Как же мне не хочется сейчас заводить разговор о посредственности в моей жизни… Понимаешь, это слишком серьезно. Мне бы стоило, конечно, сейчас, именно сейчас прояснить, почему все так происходит, почему я ищу опору в посредственности, почему к людям заурядным и красивым я так тянусь и почему заканчивается обычно все это скверно для всех, но, понимаешь, не хочу. Как-то голова не варит. Нет, мне есть что сказать, у меня материала достаточно, но не сейчас. В конце концов, я живу в самых радостных днях моего романа, могу я их не пакостить рассуждениями, а просто жить, как будто снова? Все, не буду. Потом. Пока скажу только, что для меня слово «посредственность» не имеет того отрицательного и горького смысла, который вложил в него Даня. Да, я люблю заурядных людей. Да, я ненавижу немецких романтиков. Я не люблю гофмановых недостижимых юлий и люблю его румяных булочниц. В моем общении с талантами есть что-то безнравственное, что-то от инцеста.

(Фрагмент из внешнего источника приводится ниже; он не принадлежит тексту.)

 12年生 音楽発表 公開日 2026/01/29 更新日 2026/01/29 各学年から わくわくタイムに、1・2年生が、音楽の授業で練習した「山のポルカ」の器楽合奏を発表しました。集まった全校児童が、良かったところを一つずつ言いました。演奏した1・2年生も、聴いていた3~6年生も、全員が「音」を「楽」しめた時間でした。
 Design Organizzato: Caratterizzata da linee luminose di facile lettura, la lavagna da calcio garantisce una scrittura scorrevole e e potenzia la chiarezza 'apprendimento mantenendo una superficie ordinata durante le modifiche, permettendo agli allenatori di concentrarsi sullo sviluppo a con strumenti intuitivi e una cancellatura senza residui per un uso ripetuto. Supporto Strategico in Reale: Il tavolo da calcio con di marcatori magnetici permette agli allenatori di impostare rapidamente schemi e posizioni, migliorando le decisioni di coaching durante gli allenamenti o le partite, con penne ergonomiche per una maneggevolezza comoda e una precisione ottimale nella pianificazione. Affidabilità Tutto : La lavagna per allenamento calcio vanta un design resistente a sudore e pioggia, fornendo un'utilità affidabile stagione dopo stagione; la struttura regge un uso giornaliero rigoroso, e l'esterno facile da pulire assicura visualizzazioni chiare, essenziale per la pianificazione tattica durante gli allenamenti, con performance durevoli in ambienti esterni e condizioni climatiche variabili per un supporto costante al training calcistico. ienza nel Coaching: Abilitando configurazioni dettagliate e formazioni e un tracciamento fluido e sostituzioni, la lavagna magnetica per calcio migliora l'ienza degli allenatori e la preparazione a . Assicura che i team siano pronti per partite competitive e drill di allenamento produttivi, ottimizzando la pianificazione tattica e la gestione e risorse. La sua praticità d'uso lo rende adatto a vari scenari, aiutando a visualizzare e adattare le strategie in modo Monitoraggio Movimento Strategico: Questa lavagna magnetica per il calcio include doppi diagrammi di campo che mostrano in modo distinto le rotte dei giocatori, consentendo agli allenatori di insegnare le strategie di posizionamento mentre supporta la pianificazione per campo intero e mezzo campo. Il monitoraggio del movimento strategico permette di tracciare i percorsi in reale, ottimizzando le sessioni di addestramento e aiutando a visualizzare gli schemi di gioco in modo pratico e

Как хорошо, что сейчас мне некому возразить, а то я что-то распалился. Ну ладно, в общем, потом, ладно? Ты же не обиделся? Наш роман, в конце концов, что хотим, то и пишем. Про посредственность — потом.

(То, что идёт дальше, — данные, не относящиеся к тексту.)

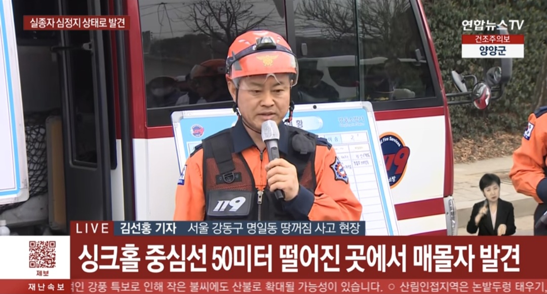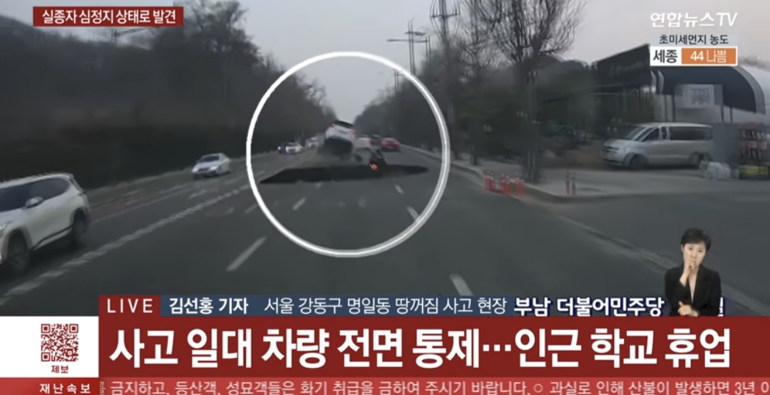 "2025년 서울 강동구 싱크홀 사고" (실제 사례)
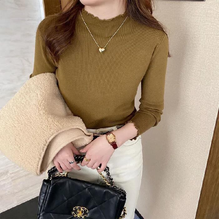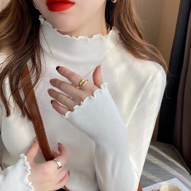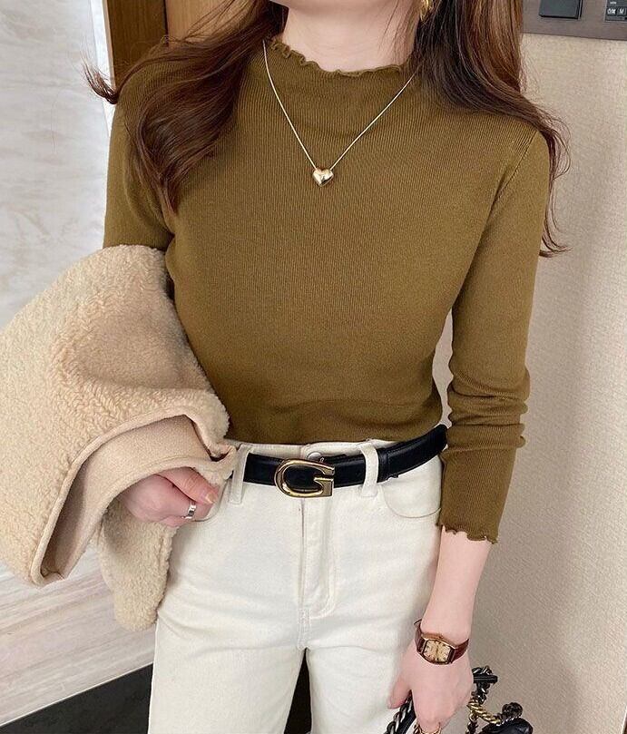 メロウヘム レタスエッジ リブニット トップス ニットソー ミディアム丈 長袖 プチハイネック モックネック 細身 スリム スマート 伸縮性 ストレッチ かわいい 大人可愛い シンプル カジュアル きれいめ 上品 おしゃれ 無地 春 秋 冬 レディース ママ 女の子 OL 通勤 学生 通学 デート お出かけ 女子会 普段使い 重ね着 着回し レイヤード ジャケットイン 韓国風 オルチャン スタイル S M L XL すっきり ホワイト ブラック グリーン オレンジ ベージュ カーキ キャラメル カラバリ
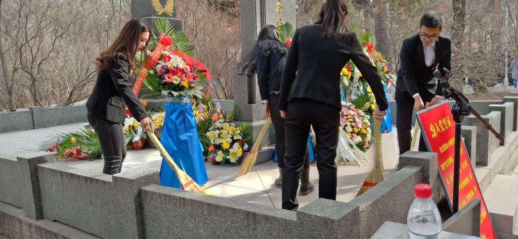 清明节为缅怀革命先烈,弘扬爱国主义精神,商务英语系于4月3日下午,由副处级辅导员谭颖及辅导员赵健带领学生干部,一行45人前往哈尔滨烈士陵园开展了清明节祭扫烈士墓活动。
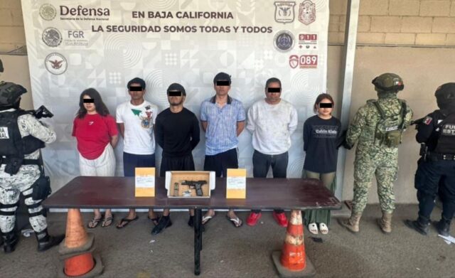 San Felipe. – Luego de dar atención oportuna a una denuncia anónima, agentes de la Fuerza Estatal de Seguridad Ciudadana (FESC), Secretaría de la Defensa Nacional (DEFENSA), Guardia Nacional (GN), y Fiscalía General del Estado (FGE), detuvieron a seis jóvenes con un arma de fuego y dosis de metanfetamina en el municipio de San Felipe.
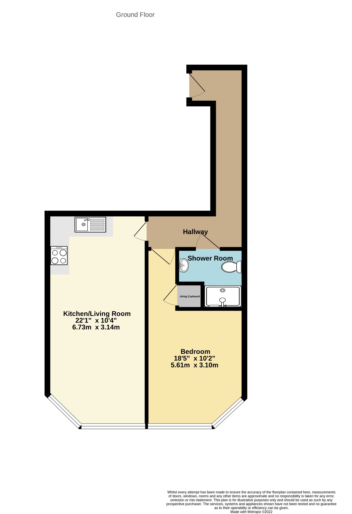 APARTMENT ENTRANCELaminate flooring with doors to the shower room and bedroom and at the end of the hallway is the kitchen/openplan lounge.
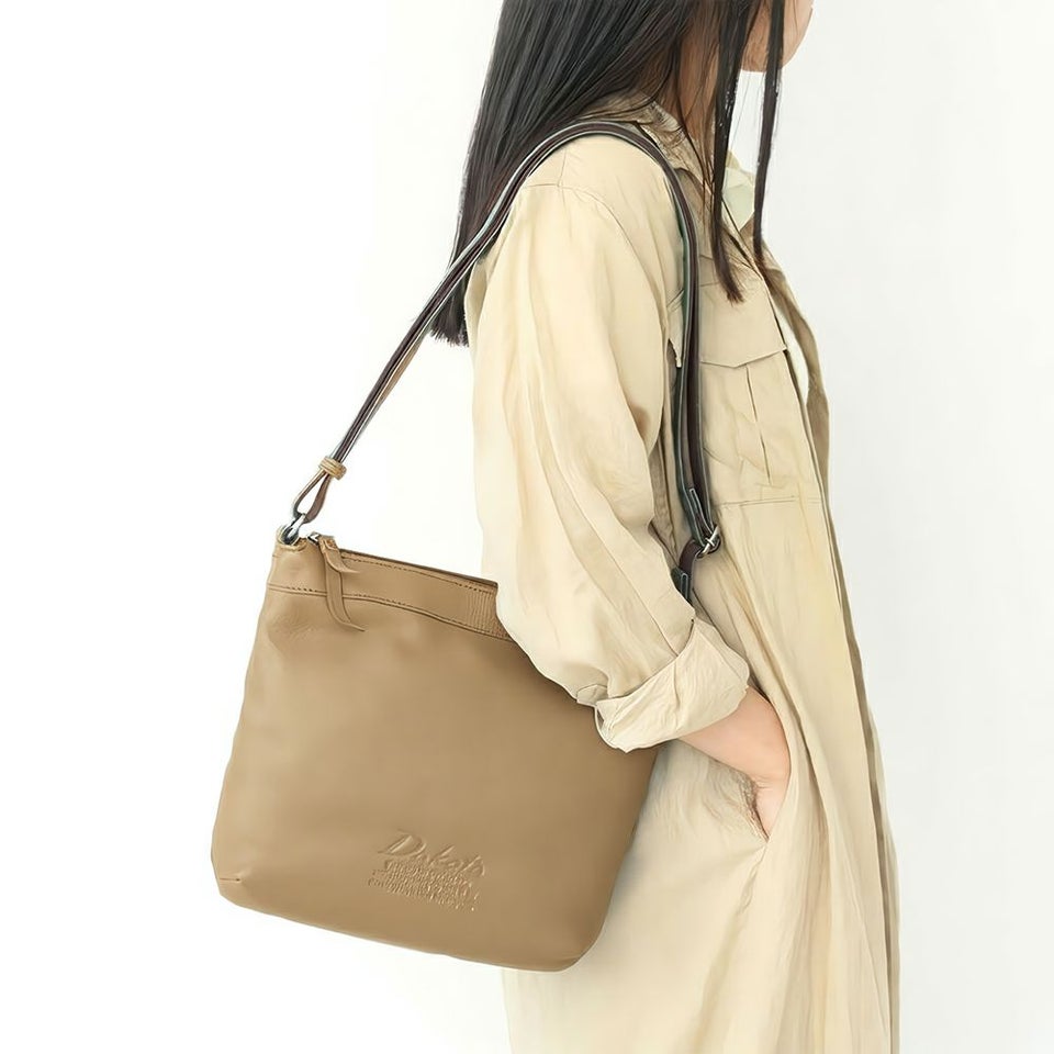 軽量でソフトな牛革を採用し毎日のコーディネートに自然と馴染む使いやすさを実現しています。触り心地の良い柔らかさとしっとりとした質感が特徴で上品さと軽快さを兼ね備えた素材感は長時間の持ち歩きでも負担が少なくデイリー使いにぴったりの仕上がりです。
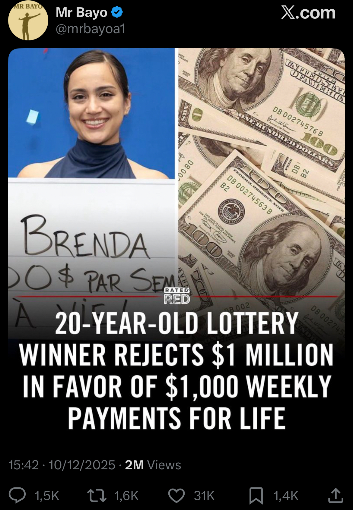 jeny ja za tysiąc dolarów miesięcznie bym sobie życie ułożył a tygodniowo to już w ogóle czułbym się jak miliarder

На последних словах мы были уже в виду «Первомайской». В метро почти не говорили от шума и усталости. Устали ведь, правда, друг от друга. Мне даже показалось, что Дане хотелось бы, чтобы мы скорее расстались — мне, впрочем, тоже. Я усадил его на освободившееся место, сказав, что сидеть не хочу. Он сел, я кинул на него портфель и повис на руках над ним. Ему хотелось вздремнуть, но на моих глазах он не решался из деликатности. Он повстречался со мной взглядом и мы долго смотрели в глаза друг другу — не оттого, что глазам нашим было что сказать, а от мужского упрямства — кто первый отведет, тот слабак.
И тут я поразился, какие белые у него белки. Я смотрел с Ободовской фильм «Животное человек». Там показывали, как рекламным «зайчикам» на фотографиях высветляют компьютером белки, чтобы они имели вид подчеркнуто молодой и сексапильный. А у него был белок, словно он уже прошел через компьютер — я таких больше ни у кого не видел или не обращал внимания раньше, не знаю. Но у него в глазах не было ни одной прожилки, ни желтизны (а ведь пьет, собака), они были как специально сделанные кем-то более даровитым, чем Природа.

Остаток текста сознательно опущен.